A factual question often exists as to whether the employee is actually speaking as a part of his or her official job duties, or is speaking as a citizen on a matter of public concern. For example, if an employee reports a safety violation at work, the question is whether the employee's job required such a report or whether the employee was motivated by a broader desire to address an unsafe condition. The answer to this question is not necessarily clear in all situations, and employers will need to look at the employees' duties carefully in order to avoid infringing upon free speech rights.

In addition, even if the Garcetti/Schumann rule applies such that the speech is not protected, employees have no lack of other protections for their speech. For example, several whistleblower statutes could apply, or the speech may be considered to be concerted protected activity that is protected under state or federal labor laws. Therefore, employers should be careful when making employment decisions based on the speech of employees and fully consider all of the potential protections that might apply.

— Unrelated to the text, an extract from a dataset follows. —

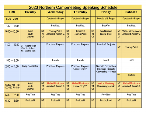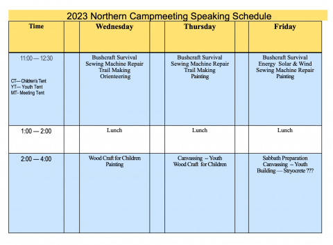 Please pray for our speakers, the Holy Spirit’s presence, safety during campmeeting, and spiritual blessings, and new friendships, try to meet someone new every day.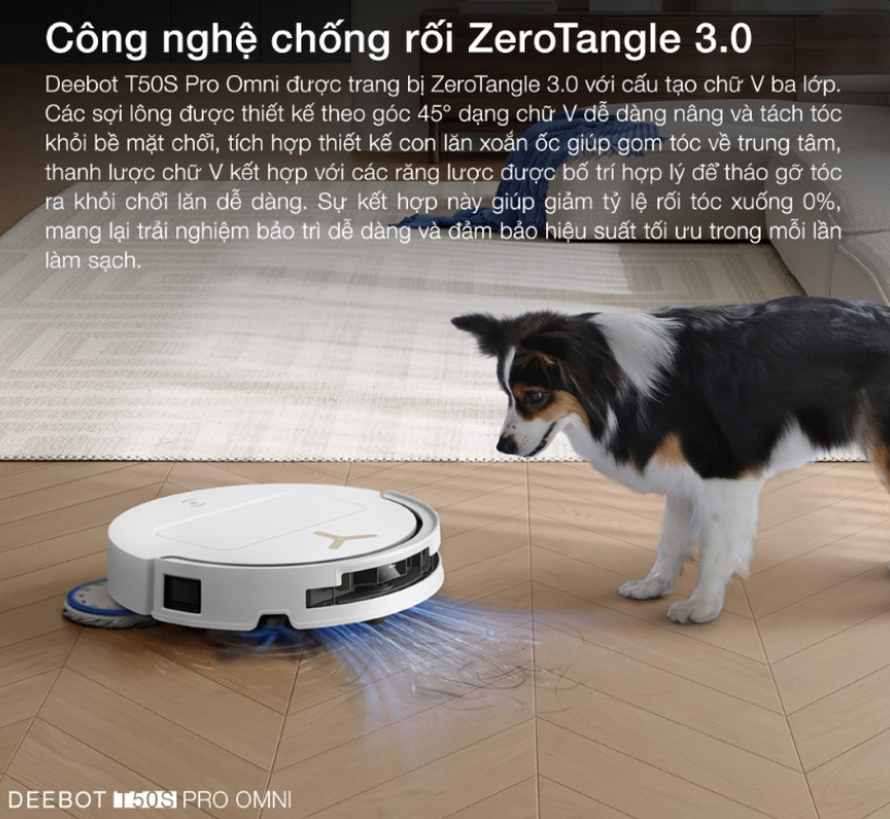Nhờ ZeroTangle 3.0 với thiết kế chổi chính cấu tạo chữ V ba lớp độc đáo, robot Ecovacs Deebot T50S Pro Omni mang đến khả năng xử lý tóc quấn rối cực kỳ hiệu quả. Các sợi lông chổi được đặt nghiêng một góc 45°, tạo ra lực đẩy cơ học giúp tách rời lông thú cưng và tóc dài khỏi mặt sàn ngay lập tức, ngăn chặn tình trạng bám dính từ sớm.

As a final note, the Cabrera case has not necessarily resolved this question. Prior to Cabrera, one federal court suggested the opposite conclusion in Ozols v. Town of Madison, Docket No. 3:11-CV-01324 (D. Conn. Aug. 20, 2012). Although Judge Schuman found that this decision unpersuasive, it is apparent that different judges have different views on the issue. In addition, the Cabrera analysis may be nullified through legislative action. Raised Bill No. 6667 is currently pending, and would add the following sentence to C.G.S. §??31-51q: "It shall not be a defense to an action filed under this section that such activity by an employee was within the scope of the employee's employment." Like so many other legislative reactions to court decisions, this bill is clearly an attempt to undo reasoned legal analyses to reach a desired end result.